Competition is also fierce for the small businesses that we also serve. In
addition, both cable providers and wireless carriers have marketed their
services as an alternative to traditional long distance and local services,
further increasing competition. Reductions in prices charged by competitors may
have a material adverse effect on us.
The
incumbent local exchange companies are well-capitalized, well-known companies
that have the capacity to "bundle" other services, such as local and wireless
telephone services and high speed Internet access, with long distance telephone
services.
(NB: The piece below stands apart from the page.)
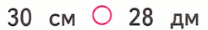 Так как 30 см = 3 дм, то 30 см < 28 дм;
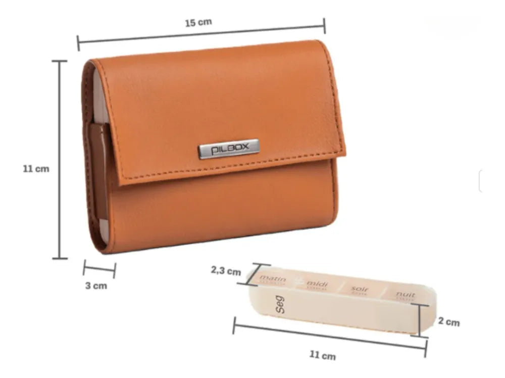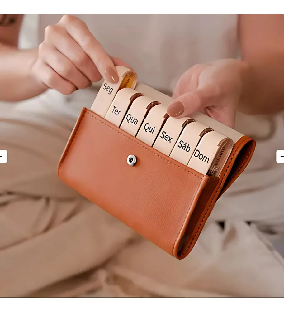 Muito pratico e orfaniza bem. So vale uma ressalva, que a caixa se nao ficar bem organizada de modo que ela nao abra a parte de couro, pode ocorrer de abrir um dos lados e os comprimidos caem. Mas se bem armazenada, nada acontece. Exemplo, se for colocar na bolsa, deixe em um corpartimento pequeno, como bolso interno.

The incumbent local exchange companies' name recognition in their
existing markets, the established relationships that they have with their
existing local service customers, their ability to take advantage of those
relationships, and the possibility that interpretations of the
Telecommunications Act and the FCC’s final rules regarding the unbundled network
element platform may be favorable to the incumbent local exchange companies,
also make it more difficult for us to compete with them.
As a
result of the FCC’s final rules, which made the unbundled network element
effectively unavailable to us after March 11, 2005 for new customers, we will
cease marketing in those markets where we do not have our own networking
facilities. Based on previous announcements as discussed above, we expect other
competitive local exchange carriers to likewise decide to cease marketing in
these markets, resulting in very limited competition for the incumbent local
exchange company. While we plan to continue serving our existing customer base
in these markets, due to the regulatory actions and our plans to increase
product pricing for our customers located outside of Michigan, we expect the
number of bundled customers to drop significantly by the end of 2005 and to
continue to decrease on an accelerated basis outside of those areas where we
plan to deploy network facilities in 2006. These price increases will result in
customers seeking other providers for their telecommunications needs, further
bolstering the incumbent local exchange companies’ dominance of the market.
The
internet access market is also highly competitive. Residential broadband
internet access in Michigan is currently dominated by Comcast, through use of
its hybrid fiber-coaxial cable networks, and SBC through the use of digital
subscriber line technology. Both Comcast and SBC have an established brand name
and reputation for quality in their service areas, possess sufficient capital to
deploy broadband equipment rapidly, own the cable or telephone line themselves
and can bundle digital data services with their existing services to achieve
economies of scale in serving their customers. Dial-up internet access is
offered by many providers with more brand recognition, the ability to bundle the
service with other internet based services and the ability to offer free
services, such as virus protection and parental controls.
REGULATION
Overview
We are
subject to federal, state, local and foreign laws, regulations, and orders
affecting the rates, billing, terms, and conditions of certain of our service
offerings, our costs and other aspects of our operations, including our
relations with other service providers. Regulation varies in each jurisdiction
and may change in response to judicial proceedings, legislative and
administrative proposals, government policies, competition and technological
developments. We cannot predict what impact, if any, such changes or proceedings
may have on our business or results of operations, and we cannot guarantee that
regulatory authorities will not raise material issues regarding our compliance
with applicable regulations.
The FCC
has jurisdiction over our facilities and services to the extent they are used in
the provision of interstate or international communications services or as
otherwise required by federal law. State regulatory commissions, commonly
referred to as PUCs, generally have jurisdiction over facilities and services to
the extent they are used in the provision of intrastate services. Local
governments may assert authority to regulate aspects of our business through
zoning requirements, permit or right-of-way procedures and franchise fees.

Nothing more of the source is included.